Both the line containing "格子的衣服搭配一條黑色的褲子" and the line containing "Easy Spirit Squint" belong to the span. Output exactly that span from the listing below, and nothing outside it.

Recorded data -
↓

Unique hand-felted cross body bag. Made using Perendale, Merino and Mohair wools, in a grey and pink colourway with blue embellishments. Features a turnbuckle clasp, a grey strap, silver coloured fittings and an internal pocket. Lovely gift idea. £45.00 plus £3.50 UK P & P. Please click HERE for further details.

↑
↓

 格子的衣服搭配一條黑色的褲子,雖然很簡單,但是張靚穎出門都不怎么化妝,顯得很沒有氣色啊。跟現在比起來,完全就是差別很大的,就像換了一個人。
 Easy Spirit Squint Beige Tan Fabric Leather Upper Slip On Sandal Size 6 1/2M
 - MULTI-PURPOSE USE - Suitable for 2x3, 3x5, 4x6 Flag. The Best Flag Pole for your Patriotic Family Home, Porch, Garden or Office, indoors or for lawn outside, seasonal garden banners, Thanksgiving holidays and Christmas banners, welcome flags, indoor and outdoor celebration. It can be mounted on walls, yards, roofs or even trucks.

↑

Task output -
 格子的衣服搭配一條黑色的褲子,雖然很簡單,但是張靚穎出門都不怎么化妝,顯得很沒有氣色啊。跟現在比起來,完全就是差別很大的,就像換了一個人。
 Easy Spirit Squint Beige Tan Fabric Leather Upper Slip On Sandal Size 6 1/2M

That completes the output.